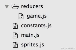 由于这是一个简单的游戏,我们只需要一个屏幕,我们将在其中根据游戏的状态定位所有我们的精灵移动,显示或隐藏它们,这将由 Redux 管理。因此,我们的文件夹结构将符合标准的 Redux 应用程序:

---

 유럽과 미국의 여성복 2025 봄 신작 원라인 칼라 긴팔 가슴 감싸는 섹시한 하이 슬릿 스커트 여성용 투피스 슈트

* * *

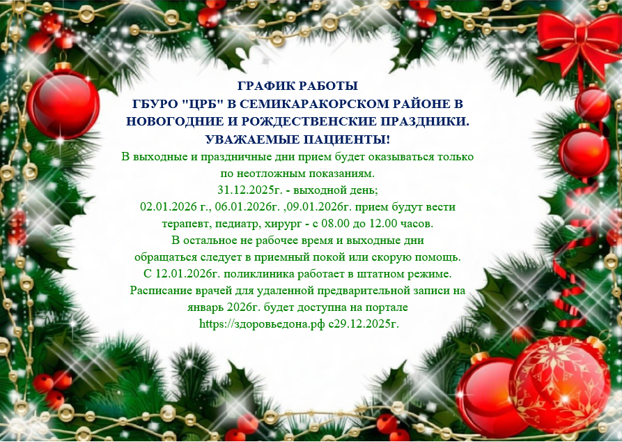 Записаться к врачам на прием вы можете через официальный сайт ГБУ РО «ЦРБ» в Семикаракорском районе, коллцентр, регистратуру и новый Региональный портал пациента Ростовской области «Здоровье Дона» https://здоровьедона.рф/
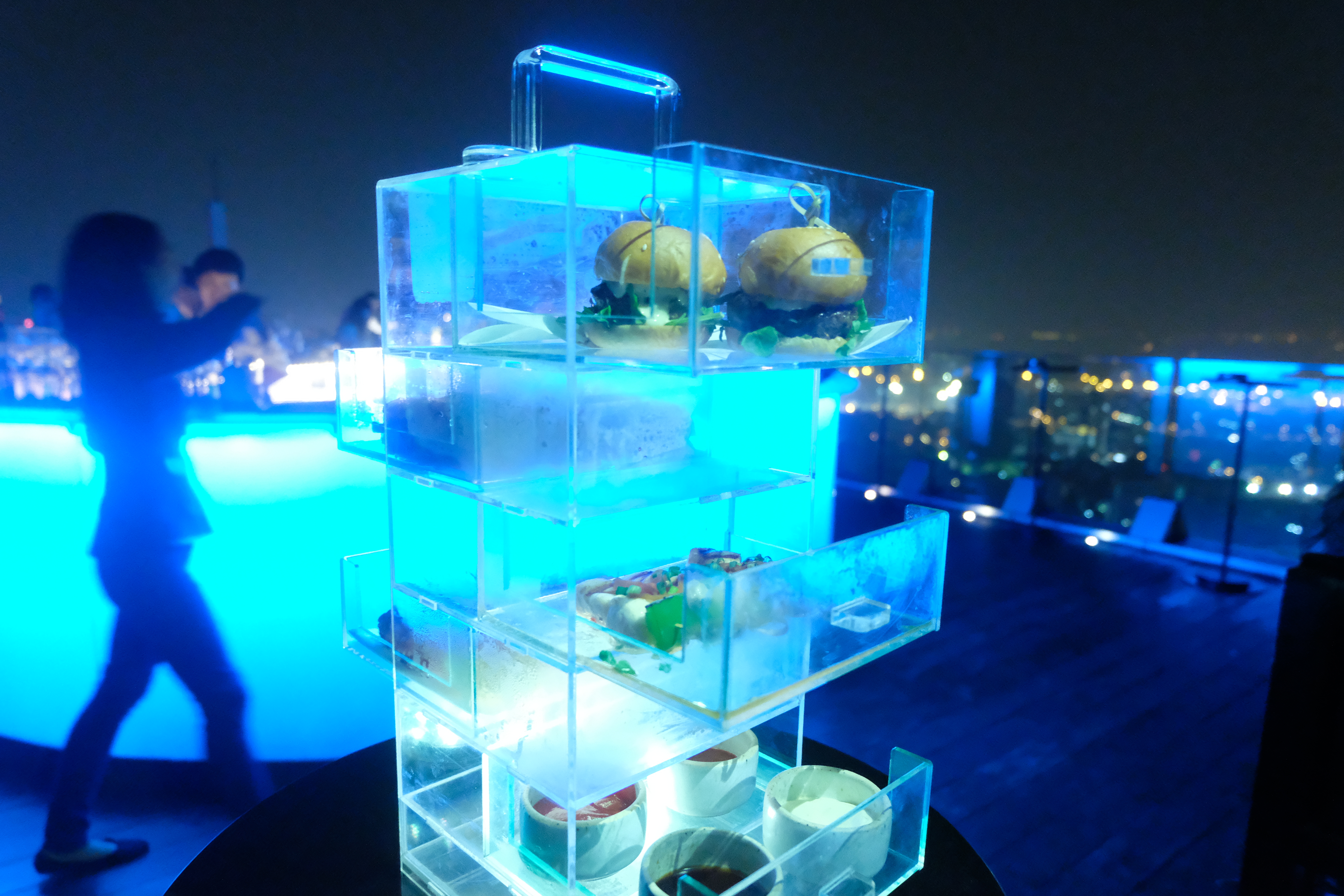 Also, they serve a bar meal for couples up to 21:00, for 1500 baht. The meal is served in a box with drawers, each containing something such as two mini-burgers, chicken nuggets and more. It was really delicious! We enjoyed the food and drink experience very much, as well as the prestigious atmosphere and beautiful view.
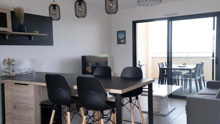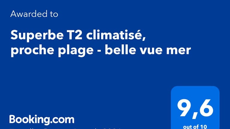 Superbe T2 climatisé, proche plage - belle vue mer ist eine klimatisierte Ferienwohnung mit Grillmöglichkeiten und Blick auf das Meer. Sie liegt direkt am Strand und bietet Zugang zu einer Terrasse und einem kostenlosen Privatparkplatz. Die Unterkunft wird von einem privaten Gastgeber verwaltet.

● **Task**
Keep to the stretch from the line containing "Записаться к врачам" through the line containing "Superbe T2 climatisé, proche", both ends included, and copy it exactly from the listing above, minus the pictures.

● **Result**
 Записаться к врачам на прием вы можете через официальный сайт ГБУ РО «ЦРБ» в Семикаракорском районе, коллцентр, регистратуру и новый Региональный портал пациента Ростовской области «Здоровье Дона» https://здоровьедона.рф/
 Also, they serve a bar meal for couples up to 21:00, for 1500 baht. The meal is served in a box with drawers, each containing something such as two mini-burgers, chicken nuggets and more. It was really delicious! We enjoyed the food and drink experience very much, as well as the prestigious atmosphere and beautiful view.
 Superbe T2 climatisé, proche plage - belle vue mer ist eine klimatisierte Ferienwohnung mit Grillmöglichkeiten und Blick auf das Meer. Sie liegt direkt am Strand und bietet Zugang zu einer Terrasse und einem kostenlosen Privatparkplatz. Die Unterkunft wird von einem privaten Gastgeber verwaltet.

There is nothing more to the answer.